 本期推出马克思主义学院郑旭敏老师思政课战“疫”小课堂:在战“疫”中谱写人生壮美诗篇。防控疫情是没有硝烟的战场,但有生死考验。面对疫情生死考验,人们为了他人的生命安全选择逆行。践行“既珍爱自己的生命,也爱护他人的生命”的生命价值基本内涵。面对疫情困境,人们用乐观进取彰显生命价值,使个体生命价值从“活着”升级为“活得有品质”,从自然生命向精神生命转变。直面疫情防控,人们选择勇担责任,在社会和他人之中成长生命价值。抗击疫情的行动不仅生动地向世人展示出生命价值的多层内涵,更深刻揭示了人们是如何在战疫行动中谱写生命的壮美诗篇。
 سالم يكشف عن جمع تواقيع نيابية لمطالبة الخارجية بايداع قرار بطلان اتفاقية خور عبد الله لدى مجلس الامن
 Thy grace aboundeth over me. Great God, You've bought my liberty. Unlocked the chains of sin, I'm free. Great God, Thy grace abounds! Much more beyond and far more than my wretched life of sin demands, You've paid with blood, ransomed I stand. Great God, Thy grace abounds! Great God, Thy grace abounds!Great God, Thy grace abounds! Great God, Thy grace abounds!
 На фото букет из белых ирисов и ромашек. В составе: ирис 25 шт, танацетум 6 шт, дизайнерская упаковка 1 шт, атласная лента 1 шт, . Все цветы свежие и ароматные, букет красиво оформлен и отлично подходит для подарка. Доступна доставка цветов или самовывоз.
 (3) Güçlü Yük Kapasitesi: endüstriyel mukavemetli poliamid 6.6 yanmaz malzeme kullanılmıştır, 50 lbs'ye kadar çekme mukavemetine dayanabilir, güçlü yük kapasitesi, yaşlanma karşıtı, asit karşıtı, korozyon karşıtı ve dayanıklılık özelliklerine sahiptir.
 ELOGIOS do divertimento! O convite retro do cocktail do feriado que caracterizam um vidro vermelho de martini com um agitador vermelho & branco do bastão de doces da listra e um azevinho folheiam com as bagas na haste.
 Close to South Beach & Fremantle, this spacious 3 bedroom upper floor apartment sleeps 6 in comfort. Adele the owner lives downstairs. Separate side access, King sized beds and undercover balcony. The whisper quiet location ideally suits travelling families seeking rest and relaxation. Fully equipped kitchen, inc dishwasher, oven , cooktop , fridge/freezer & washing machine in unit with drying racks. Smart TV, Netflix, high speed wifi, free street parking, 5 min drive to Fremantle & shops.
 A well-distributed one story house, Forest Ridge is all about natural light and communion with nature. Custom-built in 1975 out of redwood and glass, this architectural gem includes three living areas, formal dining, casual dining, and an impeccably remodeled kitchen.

(Exercise details) The response must hold only the lines above from the line with "سالم يكشف عن" through the line with "(3) Güçlü Yük", each copied exactly, both ends kept.

(Response to the task)
 سالم يكشف عن جمع تواقيع نيابية لمطالبة الخارجية بايداع قرار بطلان اتفاقية خور عبد الله لدى مجلس الامن
 Thy grace aboundeth over me. Great God, You've bought my liberty. Unlocked the chains of sin, I'm free. Great God, Thy grace abounds! Much more beyond and far more than my wretched life of sin demands, You've paid with blood, ransomed I stand. Great God, Thy grace abounds! Great God, Thy grace abounds!Great God, Thy grace abounds! Great God, Thy grace abounds!
 На фото букет из белых ирисов и ромашек. В составе: ирис 25 шт, танацетум 6 шт, дизайнерская упаковка 1 шт, атласная лента 1 шт, . Все цветы свежие и ароматные, букет красиво оформлен и отлично подходит для подарка. Доступна доставка цветов или самовывоз.
 (3) Güçlü Yük Kapasitesi: endüstriyel mukavemetli poliamid 6.6 yanmaz malzeme kullanılmıştır, 50 lbs'ye kadar çekme mukavemetine dayanabilir, güçlü yük kapasitesi, yaşlanma karşıtı, asit karşıtı, korozyon karşıtı ve dayanıklılık özelliklerine sahiptir.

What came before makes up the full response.